I am working on a touchable, mobile, sculptural space whose mode of public interaction will suit old people.
The goal is to prototype a new public art idea. The stuff ~ the product ~ has a point and a program: it is meant to get people to interact in social spaces via a temporary art installation. It is temporary so people will feel some urgency to go and use it. The limited time creates a greater density of interest around the sculptures.
The project is inspired by my own experience of limited mobility. In late 2015 I sprained my ankle. It was the first time in my life I experienced physical disability. It affected my capacity to deal with the world in a psychological as well as a physical way. My accident helped me realize the strong connection between what we feel our bodies can do and what we feel we can do as humans in the world. It’s for this reason that I am motivated to make a project that makes a place suitable for old people to be in public space, that privileges their physical way of being ~ which I feel I myself am prematurely inhabiting as I recover.

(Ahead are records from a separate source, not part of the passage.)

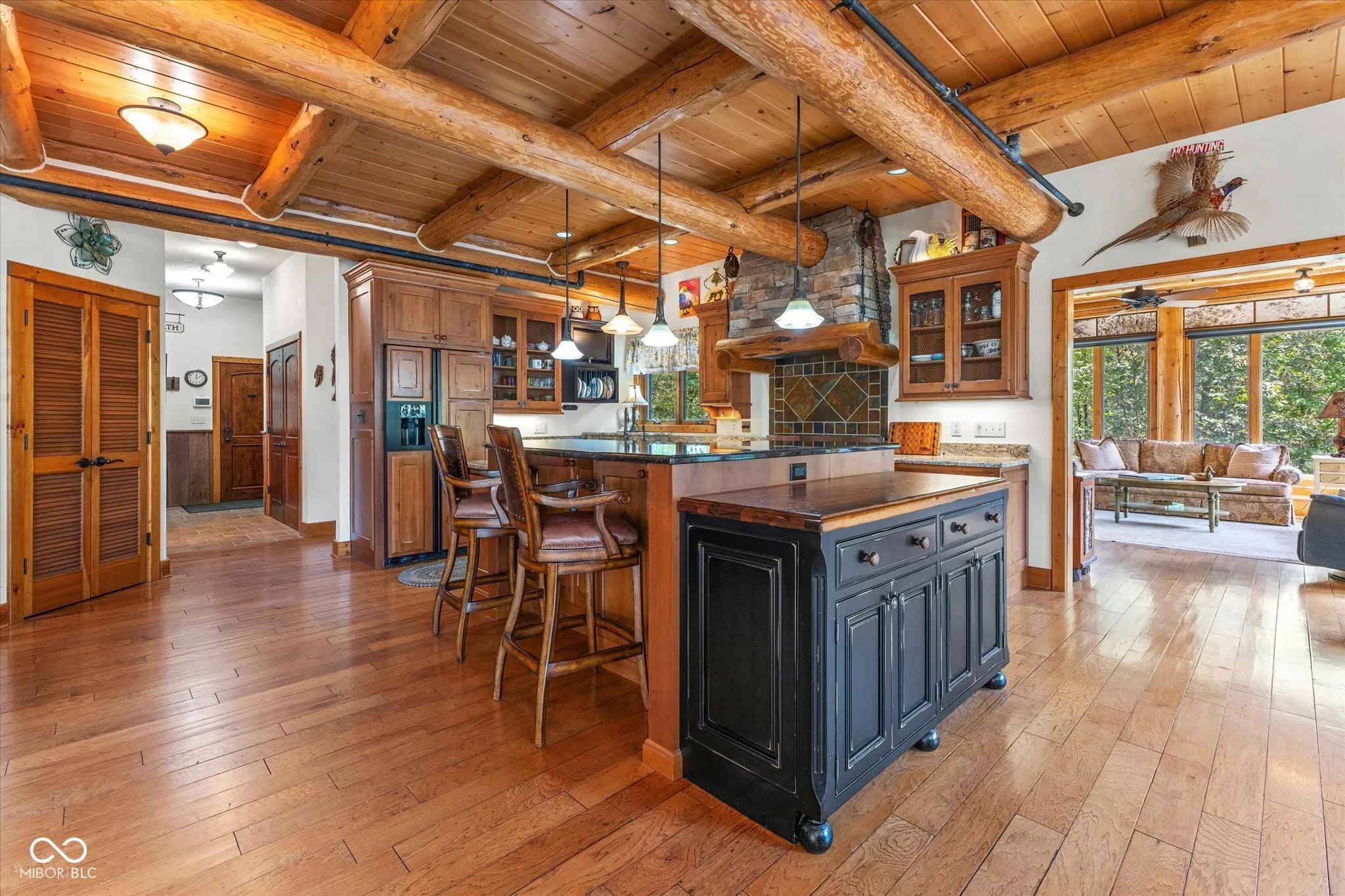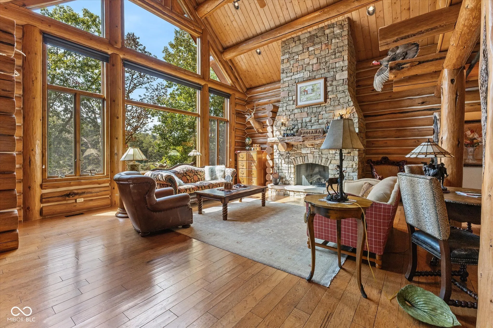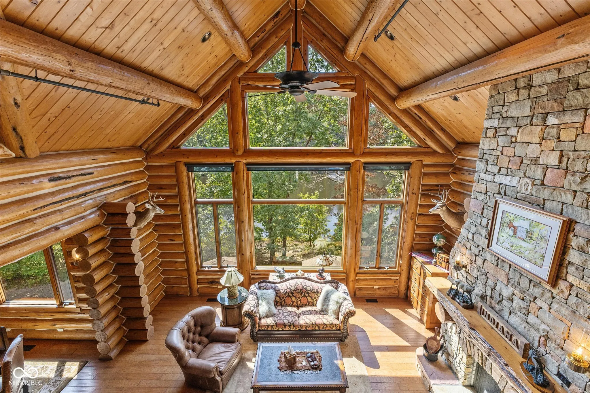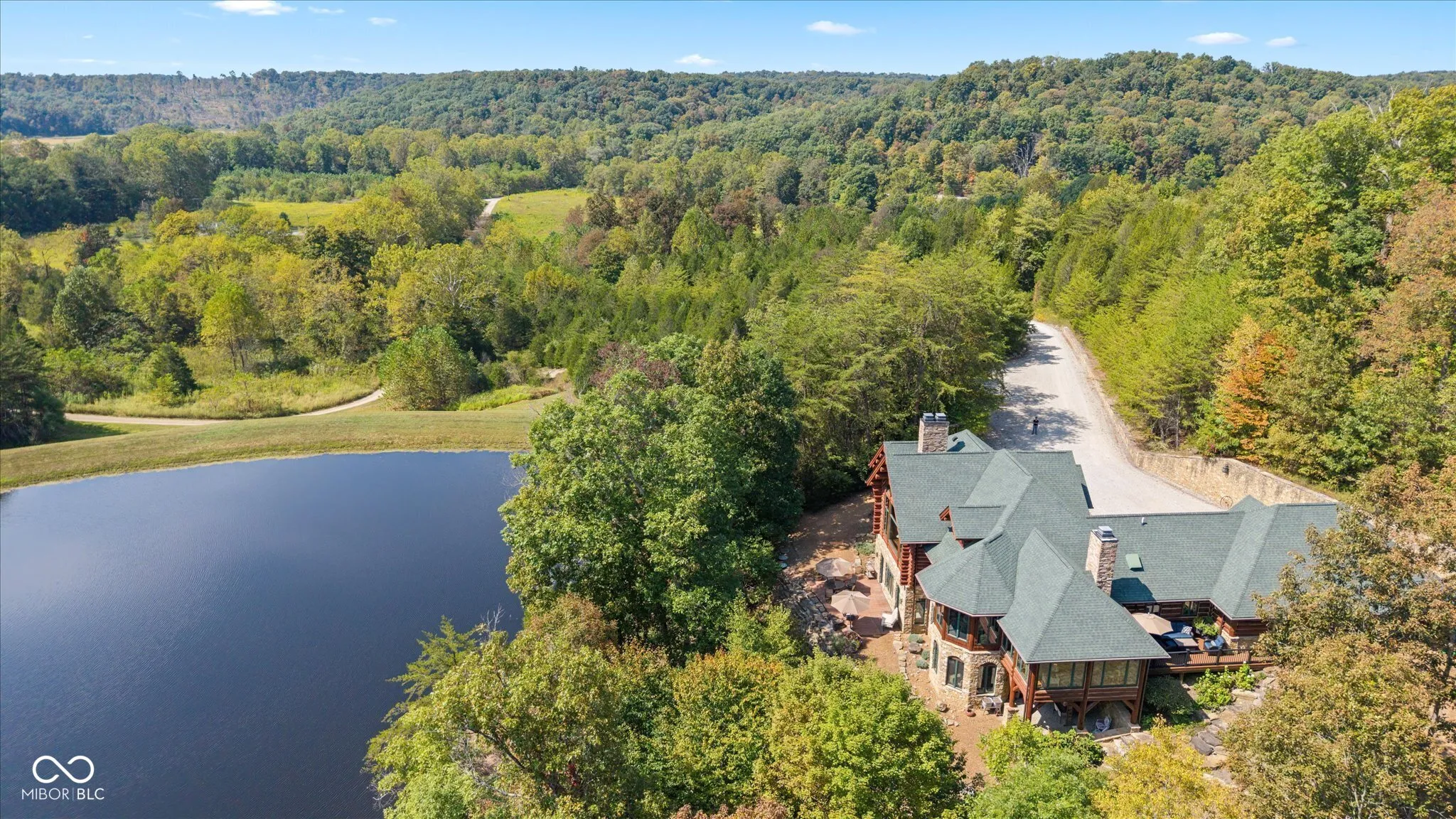 Private, Brown County Custom log home w/3bed/3.5bath, 3 car garage—-Tony Stewart toured this log home before his was built! Includes 9 parcels totaling roughly 222 acres with 3 bed/2 bath, 2 car, brick ranch home, large barn, fenced in garden, private lake, ATV/walking trails, private drive, wild flower fields & more. Amazing views from anywhere in the home! Sunroom has gas fireplace, access to Trex patio, views of side garden & lake. The upstairs loft will not disappoint, you will feel like you are in a tree house. The primary suite has its own breathtaking views of the land and lake, a large cedar closet and private bath featuring double sinks, raised counters, R/O water access, heated floors, custom walk-in shower with rainfall showerhead. The great room is the heart of the home w/cathedral ceiling, floor-to-ceiling stone fireplace & view of Lake Victoria. Lake has a dock-for fishing or attaching your trolling boat/kayak/canoe, lighted fountain, aerators & beautiful views of the log home. Kitchen has gas WOLF range, microwave blt into island, warming drawer, large 2 tiered island, walk-in pantry, room for barstools, a wet bar with more counter space and copper sink. Laundry room w/additional refrigerator, upright freezer, storage closet, washer, dryer, sink, etc. 3 car garage has pull through bay, built-in dog wash, 2 service doors, plenty of shelving. Walkout basement with heated, stained concrete floors, 2 full baths-one with a claw foot tub and stained glass transom window plus 2 additional bedrooms. Basement office has plenty of natural light & turret sitting area with access to full bath. Storage room has floor-to-ceiling shelves for all of your keepsakes or holiday items. Home has a generator, drive alert down by the guest house drive, potting shed area under sunroom, stamped concrete patio off of basement, stone lined walkway to lake, amazing terraced flower beds, newer roof. Ranch guest house has new LVP flooring throughout, new water heater.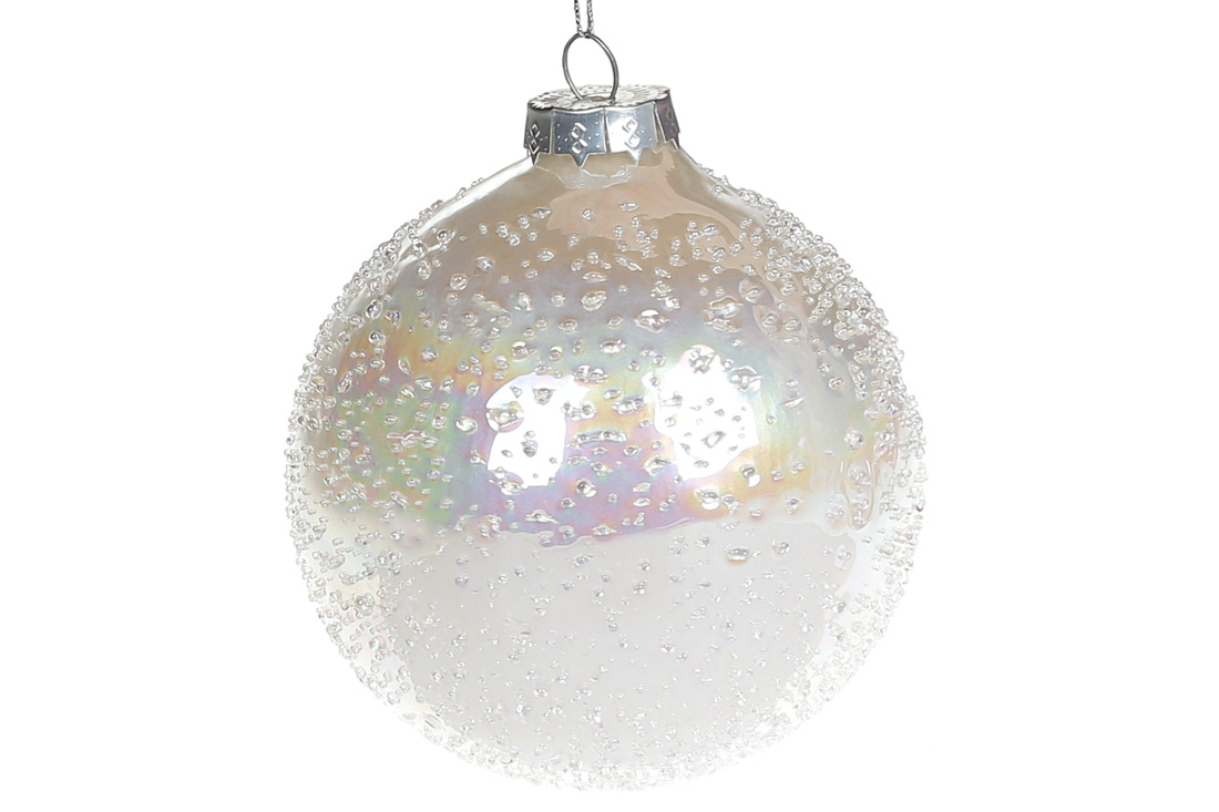Ялинкова куля з покриттям лід, 10см, колір - перлинний білий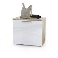 Все элементы мебели гармонично дополняют друг друга, составляя простой и практичный комплект мебели. За распашной дверки тумбы расположена одна полочка. Размеры позволяют хранить до 4-х пар невысокой обуви. Удобная высота тумбы, 50 см., позволяет использовать её в качестве подставки для сумок или банкетки для переобувания. Дверка тумбы универсальна и может открываться на любую сторону, что необходимо определить при первой сборке модуля. Открытая вешалка позволяет одежде лучше проветриться, быстрее просохнуть и сохранить форму. Вешалка выполнена в виде настенной панели, имеет антресольную полочку для головных уборов, закреплённую на металлическом полкодержателе. Форма полкодержателя выполнена так, что может использоваться в качестве штанги для развешивания одежды на плечиках. На лицевой панели предусмотрена пара крючков для размещения сумочек или зонтиков. Выполнена мебель в сочетании светлого цвета натурального дуба корпуса из ламинированной ДСП 16 мм, и глянцевых искристо белых МДФ фасадов. Линейная фрезеровка фасадов и периферическая фрезеровка по типу фацета украшают мебель и определяют название коллекции. Фасады закреплены на четырёхшарнирных петлях, выдвижные ящики мебели закреплены на шариковых направляющих полного выдвижения. Установлена на пластиковые опоры высотой 20 мм. Поставляется в разобранном виде, надёжно упакованными, с комплектом фурнитуры и инструкцией по сборке. Тумба для обуви с вешалками для верхней одежды Лайн - комплект мебели, состоящий из элементов коллекции для прихожих Лайн.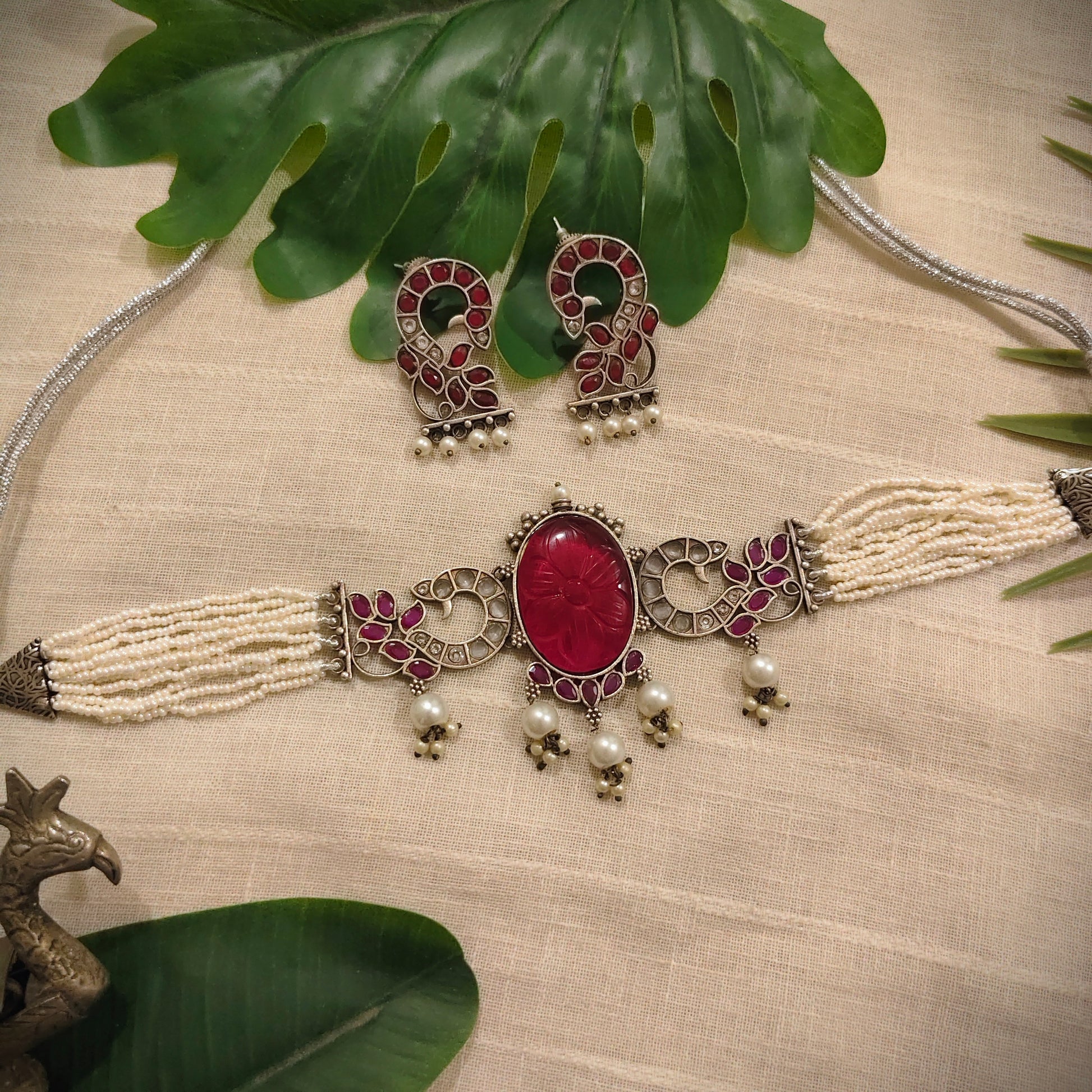 Beautiful Designer Peacock Stone Embedded Choker With Earrings
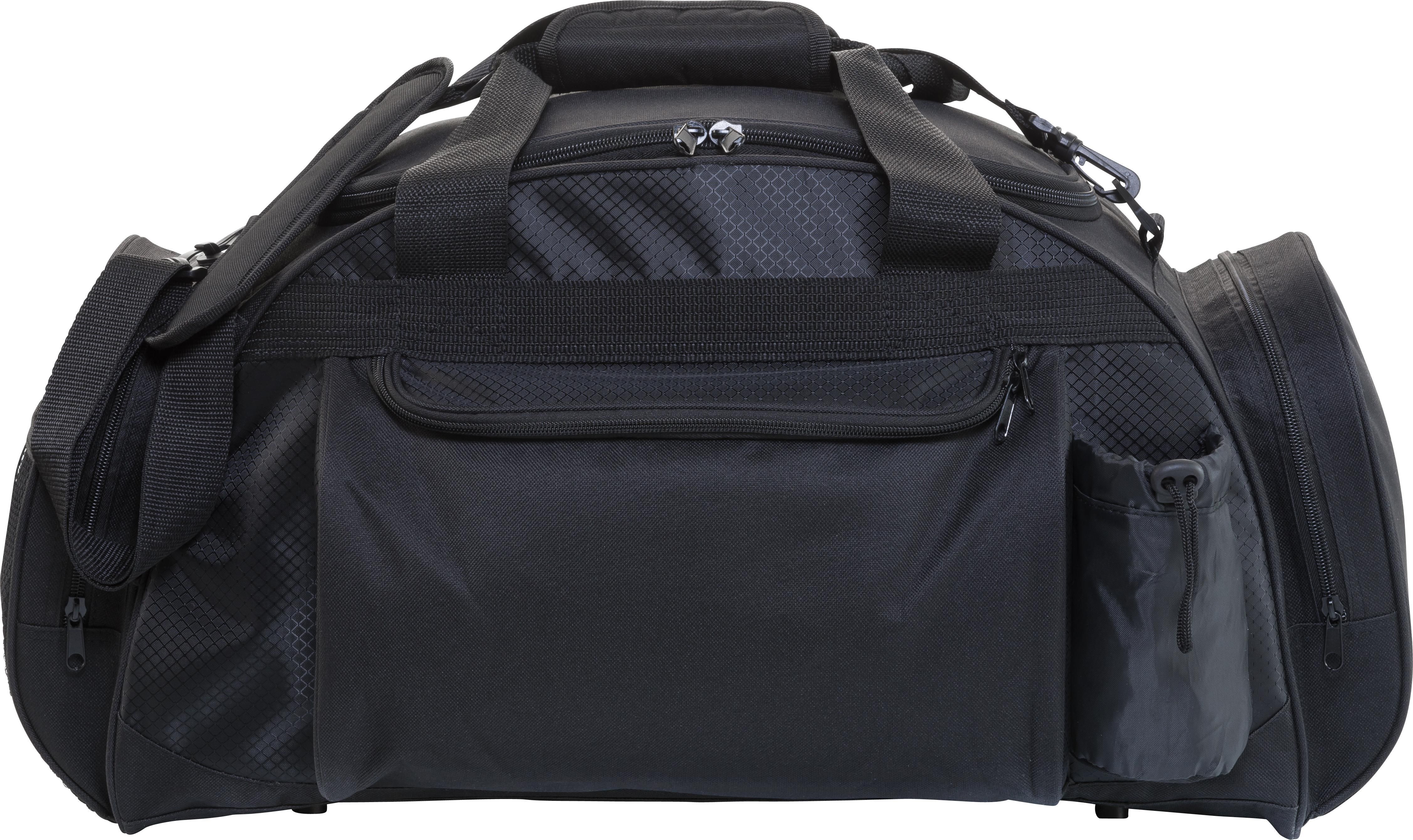 Polyester (600D) sports bag with a front zippered pocket, a side pocket for a bottle, a side pocket for a headset, and one large zipped compartment (bottle not included).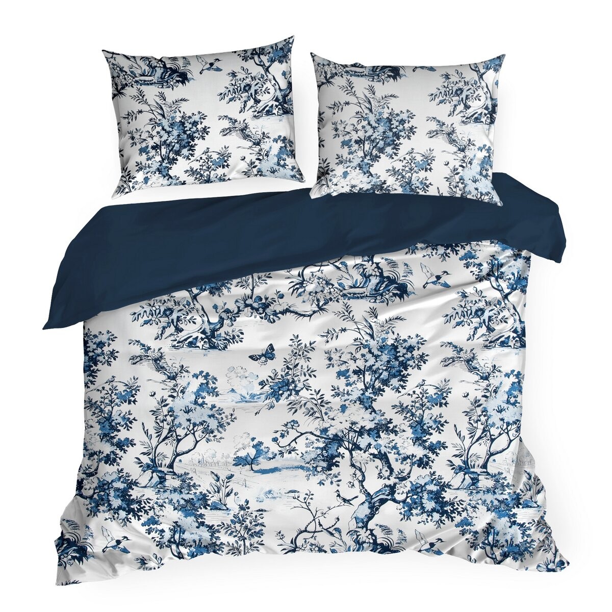 Pościel wyróżnia się efektownym wzorem inspirowanym naturą i sztuką orientalną – połączenie granatu i bieli tworzy elegancką, wyrazistą kompozycję, która doskonale podkreśli charakter sypialni.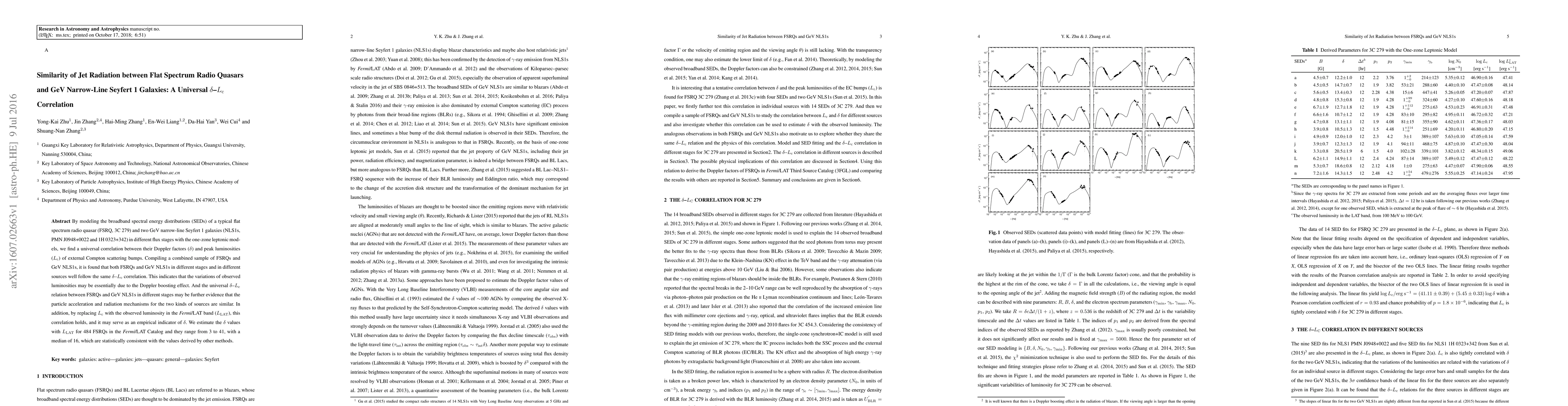 By modeling the broadband spectral energy distributions (SEDs) of a typical flat spectrum radio quasar (FSRQ, 3C 279) and two GeV narrow-line Seyfert 1 galaxies (NLS1s, PMN J0948+0022 and 1H 0323+342) in different flux stages with the one-zone leptonic models, we find a universal correlation between their Doppler factors ($\delta$) and peak luminosities ($L_{\rm c}$) of external Compton scattering bumps. Compiling a combined sample of FSRQs and GeV NLS1s, it is found that both FSRQs and GeV NLS1s in different stages and in different sources well follow the same $\delta$-$L_{\rm c}$ correlation. This indicates that the variations of observed luminosities may be essentially due to the Doppler boosting effect. And the universal $\delta$-$L_{\rm c}$ relation between FSRQs and GeV NLS1s in different stages may be further evidence that the particle acceleration and radiation mechanisms for the two kinds of sources are similar. In addition, by replacing $L_{\rm c}$ with the observed luminosity in the Fermi/LAT band ($L_{\rm LAT}$), this correlation holds, and it may serve as an empirical indicator of $\delta$. We estimate the $\delta$ values with $L_{\rm LAT}$ for 484 FSRQs in the Fermi/LAT Catalog and they range from 3 to 41, with a median of 16, which are statistically consistent with the values derived by other methods.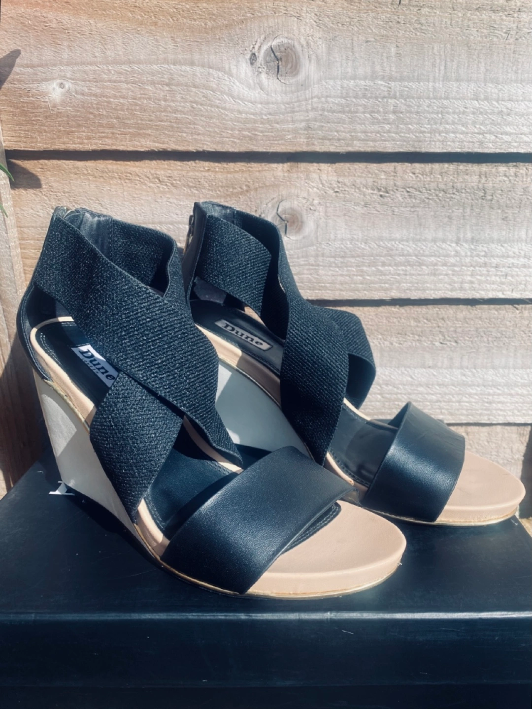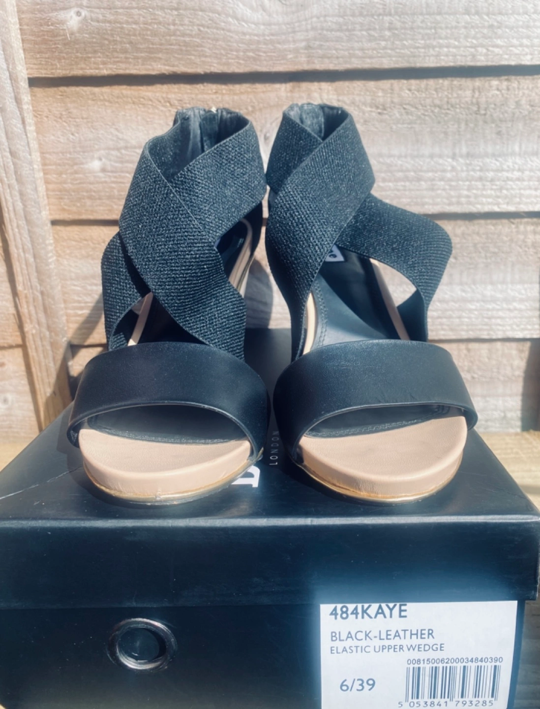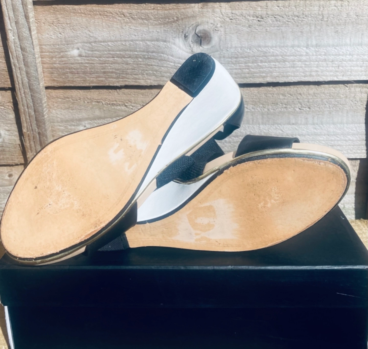 55 reviewsWedge sandals. Black leather and elastic upper. Size 6. Beige coloured sole and heel. Zip fastening.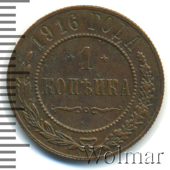 Реверс монеты 1 копейка 1916 года

The project will use a structure that offers a sense of support, of stability. Participants will be cued by lights, words, and sounds to perform slow movements. The participants’ actions relate to the similar structures in the same space. The point is to create a visible system that supports sharing connections in shared space.
The form of the sculptures comes from Leonardo da Vinci’s Vitruvian Man, a drawing that demonstrates some of the natural perfect shapes that the body is able to form.
Within the structure, the participant chooses a slow exercise routine corresponding to a circle, a triangle, or a square. Light pads, perhaps, trigger the participant to stretch and reach. The pads stay on for a length of time to ensure a long, slow stretch.
Many sculptures in a park will create a landscape of lit-up, communicating shapes.